Went into a nearby cathedral town, attended a meeting and walked around pedestrian malls in suddenly hot sunshine, early summer in Herefordshire. Sat in an isolated chapel of the cathedral weeping for my father, dying so far away. Coming back on the bus I wondered if I might be having some kind of emotional breakdown, giddiness and a storm of feelings within. The hedgerows alive with blackbirds and finches, the fields shimmering with heat. Such a wicked and sensuous time of year in the border countryside, wild roses blowing down from the branches of the rowans and hawthron, clusters of white elder along every lane.
And then I was ill, a blinding headache and temperature, vomiting and suffering one bout of diarrhoea after another. Unable to keep fluids down, my body flushed with heat in the cold night air. Opened windows, had mouthfuls of water, lay waiting for the gastric virus to pass.
And when it did I was purged, becalmed with not a feeling detectable. A blank. Not unlike the way I used to feel after a bout of drinking. Is there some need for this kind of purgative way? As if living with intensity and crises is too much for the psyche, that some kind of bloodletting is needed?

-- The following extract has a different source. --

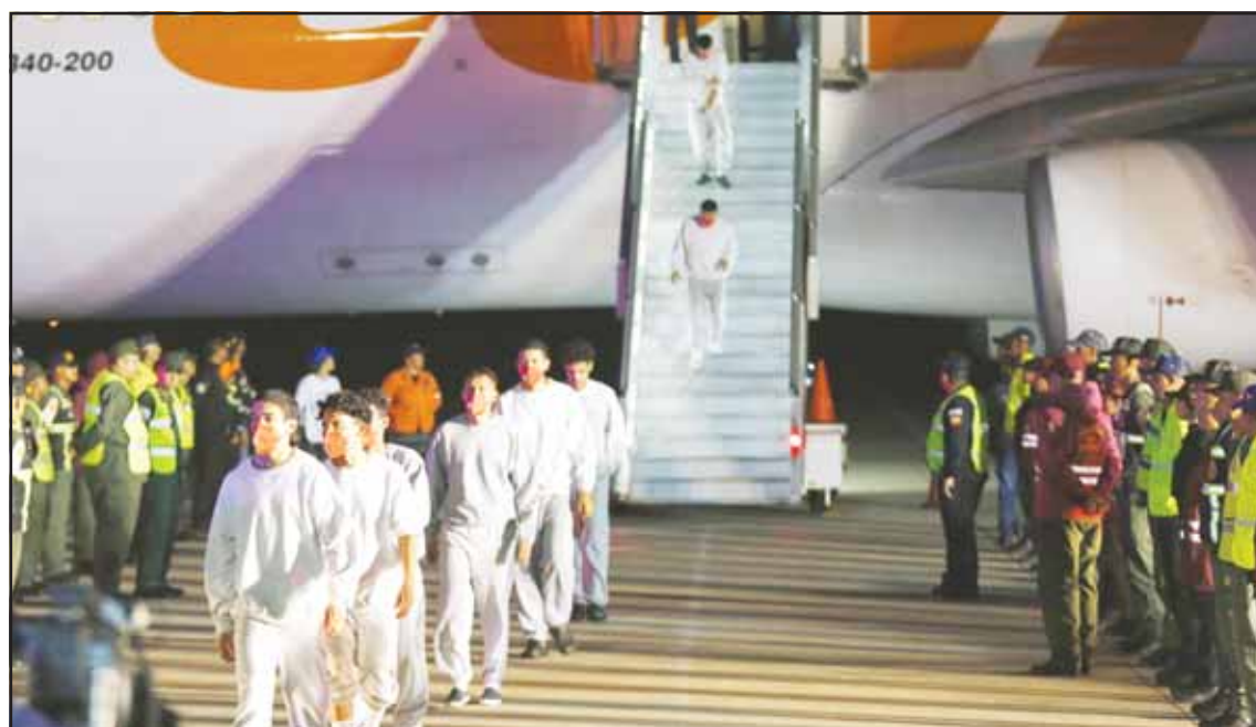
Venezuelan migrants deported from the United States deplane at the Simon Bolivar International Airport in Maiquetia, Venezuela on Feb 20.

Watching a woodpecker in the garden and listening to him tapping away at netted peanuts. Staying in the moment and letting the future resolve itself.
Sounds to me like grief and yes it does need to be purged. Having been active when my father passed 10 years ago, I am just processing my grief for his loss now. And I am left with a gift.
My thoughts are with you, and thanks for sharing your story.